TO DO: When you reach the line containing "如果你經(jīng)過(gu" in the entries below, start writing out each line exactly, and stop after the line containing "Ce Tableau Popeye".

Saved entries:
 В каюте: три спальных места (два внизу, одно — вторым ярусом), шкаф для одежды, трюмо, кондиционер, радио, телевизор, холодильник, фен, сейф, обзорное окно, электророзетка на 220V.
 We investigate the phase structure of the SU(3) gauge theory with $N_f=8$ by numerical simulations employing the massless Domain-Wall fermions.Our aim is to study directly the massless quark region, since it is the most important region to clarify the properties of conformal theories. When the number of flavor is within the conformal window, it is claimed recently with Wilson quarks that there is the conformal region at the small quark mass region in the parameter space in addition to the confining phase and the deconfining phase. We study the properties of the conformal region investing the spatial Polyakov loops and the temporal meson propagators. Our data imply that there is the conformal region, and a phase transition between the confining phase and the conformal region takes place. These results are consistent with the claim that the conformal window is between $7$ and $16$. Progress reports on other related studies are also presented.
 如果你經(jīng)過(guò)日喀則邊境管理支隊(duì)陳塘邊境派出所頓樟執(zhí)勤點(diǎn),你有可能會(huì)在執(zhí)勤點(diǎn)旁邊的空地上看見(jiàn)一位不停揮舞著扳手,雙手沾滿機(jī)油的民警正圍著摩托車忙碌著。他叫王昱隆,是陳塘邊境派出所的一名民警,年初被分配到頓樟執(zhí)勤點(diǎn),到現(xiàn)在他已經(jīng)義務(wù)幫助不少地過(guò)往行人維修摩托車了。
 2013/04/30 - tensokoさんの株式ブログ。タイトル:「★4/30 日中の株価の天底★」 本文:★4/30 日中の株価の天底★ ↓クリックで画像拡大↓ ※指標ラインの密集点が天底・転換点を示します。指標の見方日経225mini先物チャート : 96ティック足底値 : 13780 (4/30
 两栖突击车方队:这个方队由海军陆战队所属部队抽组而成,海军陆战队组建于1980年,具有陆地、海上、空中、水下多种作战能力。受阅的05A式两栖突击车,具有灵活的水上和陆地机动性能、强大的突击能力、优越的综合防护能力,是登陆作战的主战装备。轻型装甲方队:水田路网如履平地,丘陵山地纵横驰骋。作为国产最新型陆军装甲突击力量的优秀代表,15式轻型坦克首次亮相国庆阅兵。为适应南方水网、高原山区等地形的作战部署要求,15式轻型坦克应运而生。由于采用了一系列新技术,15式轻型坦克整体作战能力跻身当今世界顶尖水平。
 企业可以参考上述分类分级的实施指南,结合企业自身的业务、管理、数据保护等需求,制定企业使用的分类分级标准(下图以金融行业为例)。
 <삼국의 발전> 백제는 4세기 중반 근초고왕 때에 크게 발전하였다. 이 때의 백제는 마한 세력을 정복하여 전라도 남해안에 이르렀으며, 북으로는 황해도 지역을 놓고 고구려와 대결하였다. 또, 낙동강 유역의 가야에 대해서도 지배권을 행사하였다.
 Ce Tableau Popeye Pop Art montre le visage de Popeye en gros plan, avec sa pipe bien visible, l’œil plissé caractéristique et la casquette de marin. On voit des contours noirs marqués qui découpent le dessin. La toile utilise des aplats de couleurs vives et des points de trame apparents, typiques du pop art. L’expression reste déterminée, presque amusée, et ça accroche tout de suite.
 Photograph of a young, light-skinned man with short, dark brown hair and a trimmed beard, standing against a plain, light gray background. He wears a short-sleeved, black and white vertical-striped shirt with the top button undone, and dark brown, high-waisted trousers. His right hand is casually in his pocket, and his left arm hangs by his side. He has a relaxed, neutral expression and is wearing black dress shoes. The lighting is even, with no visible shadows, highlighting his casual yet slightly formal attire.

ANSWER TO THE EXERCISE:
 如果你經(jīng)過(guò)日喀則邊境管理支隊(duì)陳塘邊境派出所頓樟執(zhí)勤點(diǎn),你有可能會(huì)在執(zhí)勤點(diǎn)旁邊的空地上看見(jiàn)一位不停揮舞著扳手,雙手沾滿機(jī)油的民警正圍著摩托車忙碌著。他叫王昱隆,是陳塘邊境派出所的一名民警,年初被分配到頓樟執(zhí)勤點(diǎn),到現(xiàn)在他已經(jīng)義務(wù)幫助不少地過(guò)往行人維修摩托車了。
 2013/04/30 - tensokoさんの株式ブログ。タイトル:「★4/30 日中の株価の天底★」 本文:★4/30 日中の株価の天底★ ↓クリックで画像拡大↓ ※指標ラインの密集点が天底・転換点を示します。指標の見方日経225mini先物チャート : 96ティック足底値 : 13780 (4/30
 两栖突击车方队:这个方队由海军陆战队所属部队抽组而成,海军陆战队组建于1980年,具有陆地、海上、空中、水下多种作战能力。受阅的05A式两栖突击车,具有灵活的水上和陆地机动性能、强大的突击能力、优越的综合防护能力,是登陆作战的主战装备。轻型装甲方队:水田路网如履平地,丘陵山地纵横驰骋。作为国产最新型陆军装甲突击力量的优秀代表,15式轻型坦克首次亮相国庆阅兵。为适应南方水网、高原山区等地形的作战部署要求,15式轻型坦克应运而生。由于采用了一系列新技术,15式轻型坦克整体作战能力跻身当今世界顶尖水平。
 企业可以参考上述分类分级的实施指南,结合企业自身的业务、管理、数据保护等需求,制定企业使用的分类分级标准(下图以金融行业为例)。
 <삼국의 발전> 백제는 4세기 중반 근초고왕 때에 크게 발전하였다. 이 때의 백제는 마한 세력을 정복하여 전라도 남해안에 이르렀으며, 북으로는 황해도 지역을 놓고 고구려와 대결하였다. 또, 낙동강 유역의 가야에 대해서도 지배권을 행사하였다.
 Ce Tableau Popeye Pop Art montre le visage de Popeye en gros plan, avec sa pipe bien visible, l’œil plissé caractéristique et la casquette de marin. On voit des contours noirs marqués qui découpent le dessin. La toile utilise des aplats de couleurs vives et des points de trame apparents, typiques du pop art. L’expression reste déterminée, presque amusée, et ça accroche tout de suite.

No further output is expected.